That sounds like the worst possible candidate for a GPU implementation and the definition of a serial algorithm.
Since each thread i needs the work of thread i-1 to be finished before it can start its work, i dont see any way to speed this up. When thread i is done with its work, itll just idle?
Looks to me like only on thread will be doing any actual work at any given time, in which case you might as well run it on the CPU.
The key here is that the binary operation between elements is associative (like addition). This lets you compute a bunch of partial sums in parallel and reuse them. The GPU can be very beneficial in this case (though more due to its enormous memory bandwidth).
The big issue here is that with only 10 elements, a prefix scan on the GPU is not worth it. Nearly the entire GPU will be idle, and the kernel launch overhead will be vastly greater than the actual runtime.
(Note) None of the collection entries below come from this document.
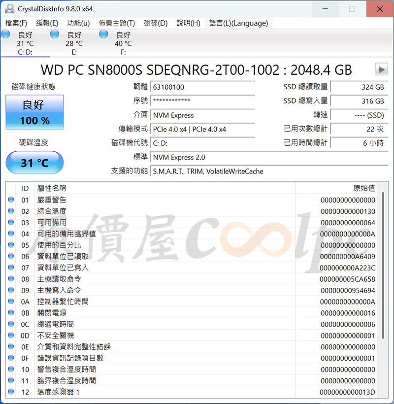 CrystalDiskinfo 9.8.0 x64 軟體偵測硬碟為 WD PC SN8000S 2TB Gen4 M.2 SSD,出廠有分割成 C 跟 D 兩個槽,支援 S.M.A.R.T、TRIM、VolatileWriteCache 功能,溫度的部分待機 31 度,滿載 44 度。多了一顆鼓風扇幫忙散熱溫度壓制不錯。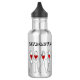 Fun "live love coach netball" stick figures with red heart on a stylish water bottle. This would make a great gift idea for netball coach.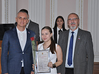Георгий Колягин также поблагодарил присутствующую на мероприятии ветерана Великой Отечественной войны Енину Тамару Ивановну, которой в этом году исполнилось 100 лет. Помимо того, что Тамара Ивановна ветеран войны, она еще и ветеран торговой отрасли. За ее плечами работа в городском хлебторге и в сфере общественного питания на заводах «Нептун», «Сигнал», «Электроавтоматика», «Изумруд», «Красный металлист» и других.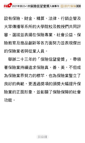 2021ϋୋ22+1֣ڭᎈڦૐฌᆤ ɝఖਖ਼̊ 008 設有保險、財金、精算、法律、行銷企管及 大眾傳播等系所的大學院校及教授們共同評 審,選拔並表揚在保險專業、社會公益、保 險教育及商品創新等各方面努力並表現傑出 的保險業者與從業人員。 舉辦二十三年的「保險信望愛獎」,帶領 著保險業持續追求保險真、善、美,不但成 為保險業界努力的標竿,也為保險業豎立了 良好的典範,更透過獎項的頒獎大幅提升保 險業的正面形象,並彰顯了保險保障的社會 功能。 Ϋͦ

If you needed to prefix scan a million elements (especially if they were already in the device memory), then the GPU would do a good job.
Sure i agree with that, but the way he presents the problem, i thought all elements from the array were populated from the first element of the array.
I agreee that it can be sped up if every element in the array already has a value, which is to say that value[n] can be computed at any time since value[n-1] is accessible at kernel launch.
The way i understood the problem (which might very well be completly wrong) is that only the first value in the array has an initial value and that every other element is cascaded from that first element.
-well not that i think about it for more than 3 secs, my understanding of the problem made no sense… so carry on and ignore my initial post!